Dalam kesempatan itu pihak SPPG Blang Nisam memberikan tali asih untuk biaya pengobatan kepada 24 orang korban yang di ajukan oleh perwakilan dari keluarga korban.
Sebelumnya, dilansir dari beberapa sumber media online, dugaan keracunan makanan SPPG Blang Nisam terjadi pada 23 Januari 2026, diketahui total korban dugaan keracunan mencapai 18 orang dan satu korban sempat dirawat di RSUD Zubir Mahmud.
Muhammad Yasin, perwakilan keluarga korban saat dikonfirmasi membenarkan jika surat somasi yang dilayangkan kepada SPPG Blang Nisam terkait keracunan yang terjadi beberapa hari lalu sudah resmi dicabut.
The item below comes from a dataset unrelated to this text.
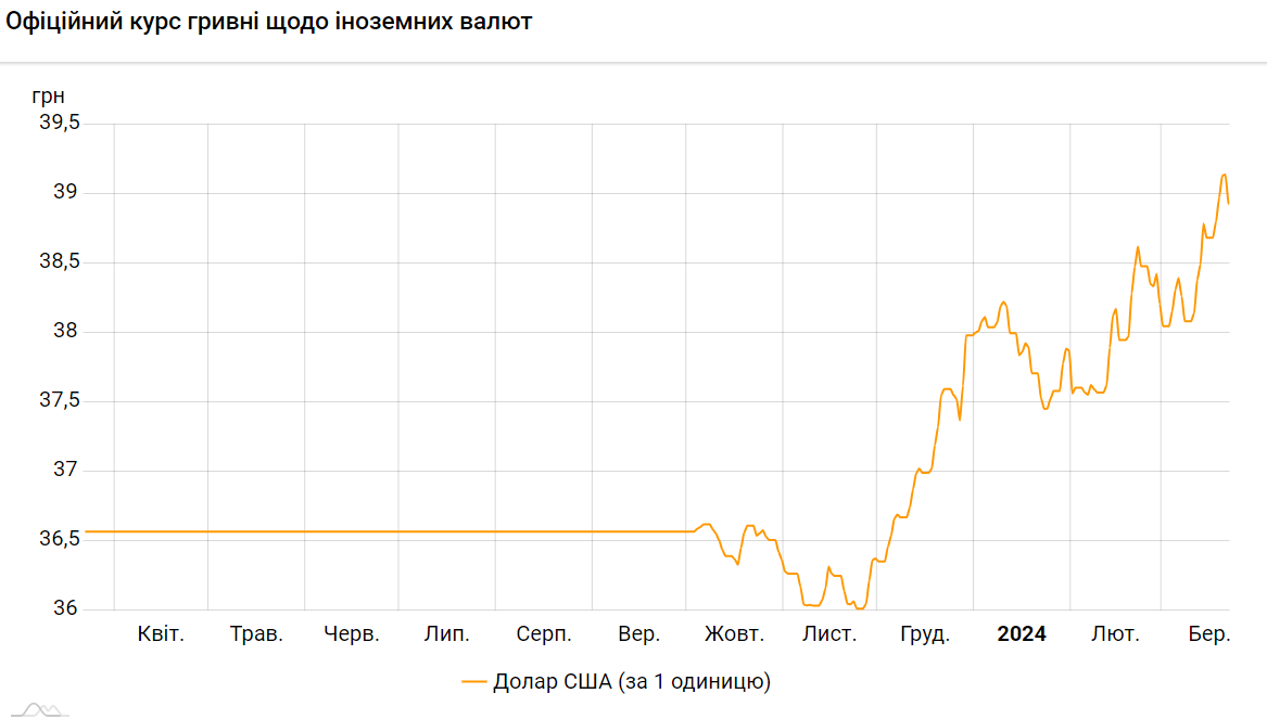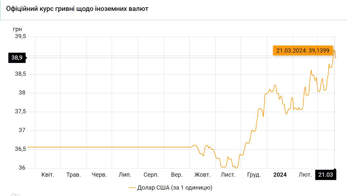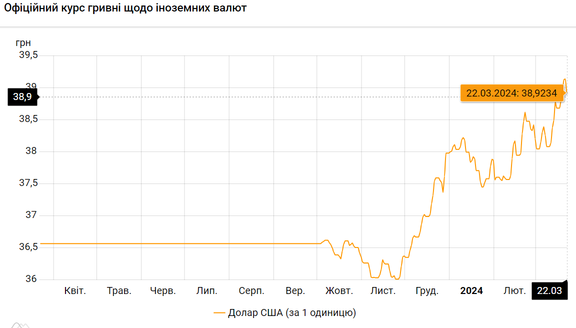 По состоянию на пятницу, 22 марта, Национальный банк Украины установил официальный курс гривны к доллару на уровне 38,9234 грн/$.
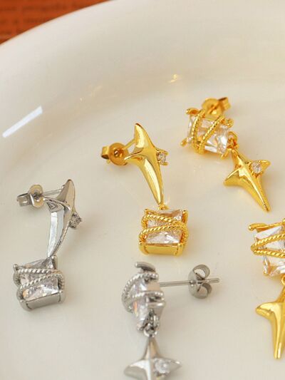 Zircon Copper Geometric Drop Earrings

Lanjutnya, pencabutan somasi dilakukan setelah pihak SPPG Blang Nisam berjumpa langsung dengan keluarga korban dan menyepakati poin-poin yang di ajukan oleh keluarga korban.
“Alhamdulillah persoalan keracunan ini sudah selesai dan kami sangat berharap agar kedepan SPPG Blan Nisam dapat beroperasi kembali secepatnya.”ungkapnya.